:: Source information ::

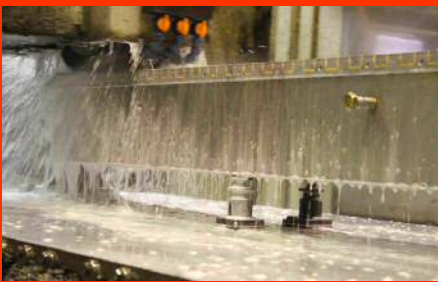
ワークのオーバーハング部や研削加工時の中空部をサポート。
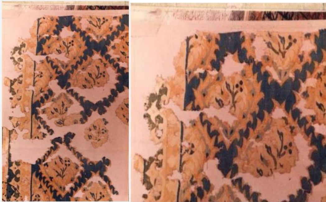
Görsel 4. Osmanlı Saray Kilim Deseni

Yazılı kaynakların birçoğunda desenlerin ilk dokundukları zamanlarda bezeme elemanı olmaktan çok ifade aracı (sembol) olarak şekillendiği belirtilmektedir. Bazı geometrik şekiller, bitkiler, hayvanlar stilize edilerek semboller oluşturulmuştur. Bu sembollerin bazıları zamanla anlamlarını yitirmiş birer bezeme elemanı olarak kullanımı sürdürülmüştür. Önceden belirtildiği gibi, motifler dokunurken sayılabilir duruma getirilmiş, birbirini tamamlayacak şekilde sistematige bağlanmıştır. Öyle ki bazı motiflerin zeminde bıraktıkları boşluklar da motif oluşturur (Özhekim, 2000, s. 150).
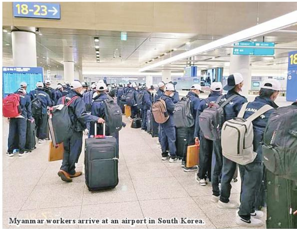
Myanmar workers arrive at an airport in South Korea.

Yangon August 15 The Ministry of Foreign Affairs stated that arrangements are being made to extend appointment of more Myanmar staff at the foreign workers support centres in the Republic of Korea in
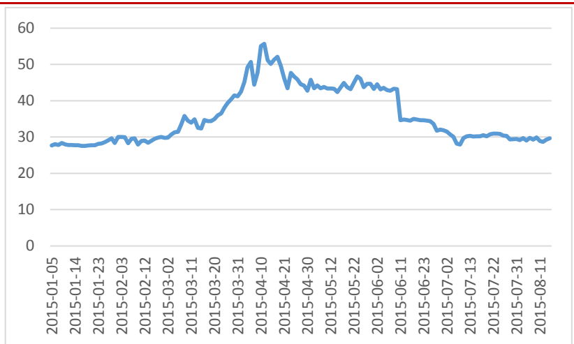
图表 11：新三板整体估值水平变化
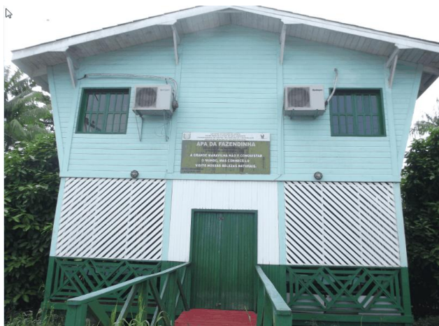
Figura 02 - Base Física (existente até meados de 2015)

A parte central da APA encontra-se ainda conservada, mantendo a mata e flora primitiva, apesar da existência de caminhos e pequenas passarelas para o trânsito dos que se utilizam da área. Como parte de sua infraestrutura, atualmente, a APA da Fazendinha dispunha de uma base física (Figura 02), porém a mesma foi incendiada em 2015, o que vem prejudicando, sobremaneira, o processo de gestão da unidade de conservação.
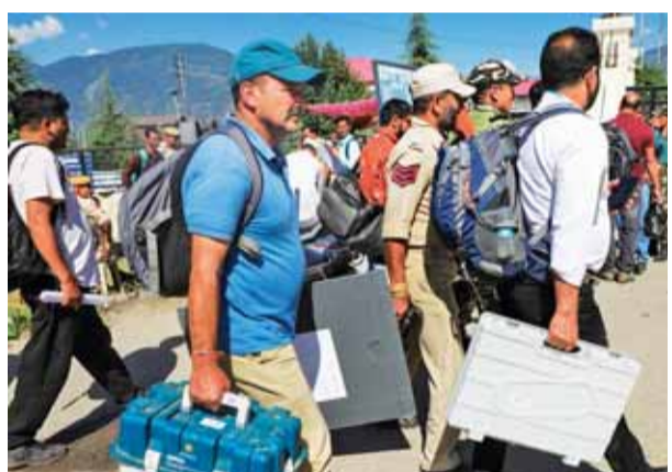
जम्मू-कश्मीर विधानसभा चुनाव के पहले चरण की पूर्व संख्याएं व मंगलवार को किरतवाड़ जिले में मतदान अधिकारी अपने-अपने मतदान केंद्रों के लिए रवाना हुए।
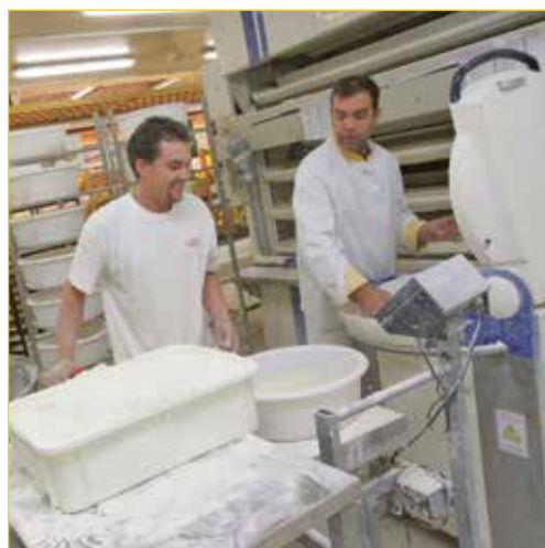
Boulangers en supermarché
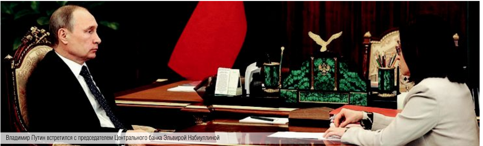
Владимир Путин встретился с председателем Центрального банка Эльвирой Набиуллиной
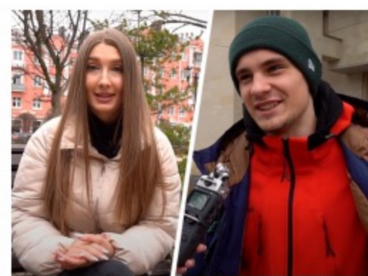
«Потратил все деньги, которые были»: как молодежь Ставрополя шикует на «Пушкинскую карту...
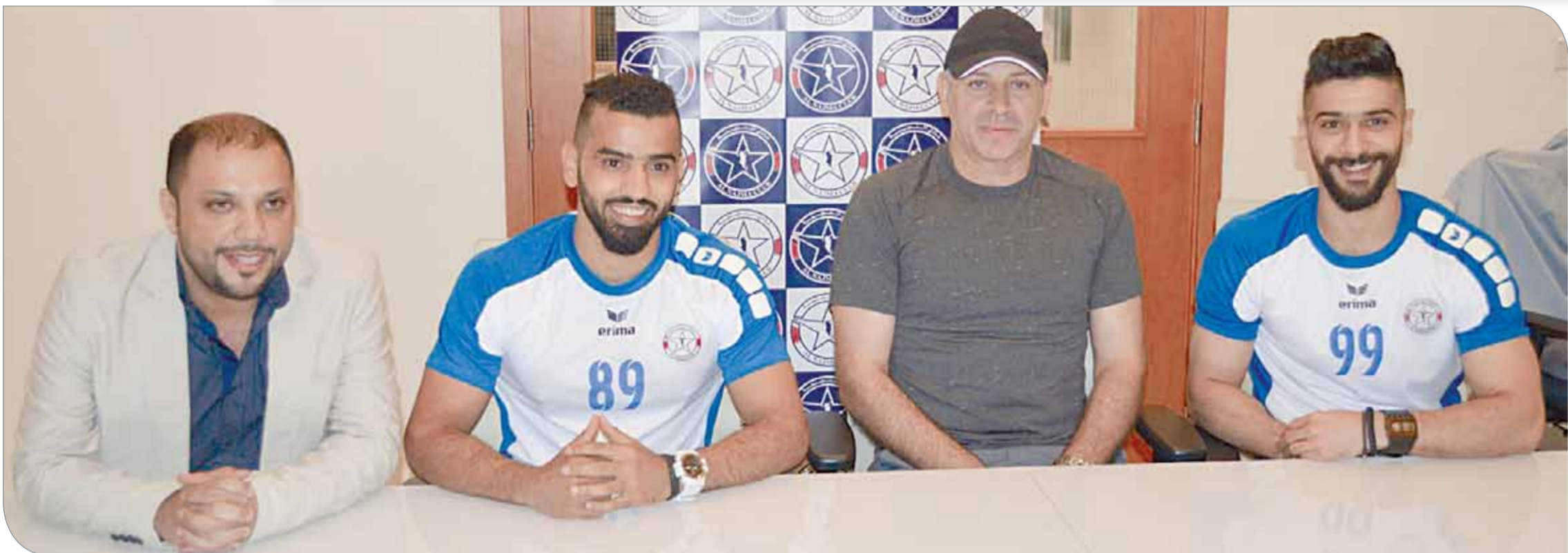
لقطات من توقيع العقد

إلى تحقيق البطولات على المستوى المحلي وكذلك الخارجي. وقال القطان بأن باب التعاقدات قد أقفل، مضيئاً في الوقت ذاته إلى أن إدارته تبحث سبل تقوية مركز الحراسة في الفريق.
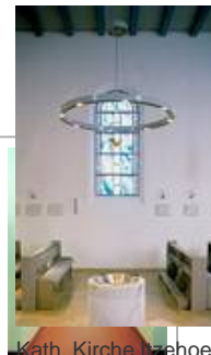
Kath. Kirche Hahoe Halogenkronleuchter KR 94-4/H 1-50/12-12
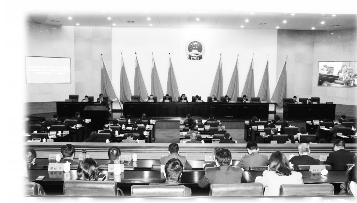
2023年4月27日,浙江省温州市十四届人大常委会第十一次会议通过《温州市人民代表大会常务委员会关于促进和保障洞头海上花园建设的决定》。
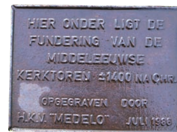
Deze plaquette werd in 1986 aangebracht in de bestrating na het terugvinden van de fundamente van de middeleeuwse toren.

Het is onwaarschijnlijk dat die kapel op de plek van de huidige kerk heeft gelegen. Eerder moet worden gedacht aan een locatie in de buurt van de Molenstraat-Hof omdat daar in die periode de bestuurlijke instellingen (schepensbank, banmolen, tiendschuur) van Meijel waren gevestigd en
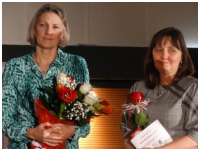
Prezentacja słuchowiska "Bombka z Memmingen" - Olsztyn, 9 stycznia 2023vvvv

:::

Assignment: Count the lines in the entries above that hold the string "Korea", and give that count without any other text.

Response area: 2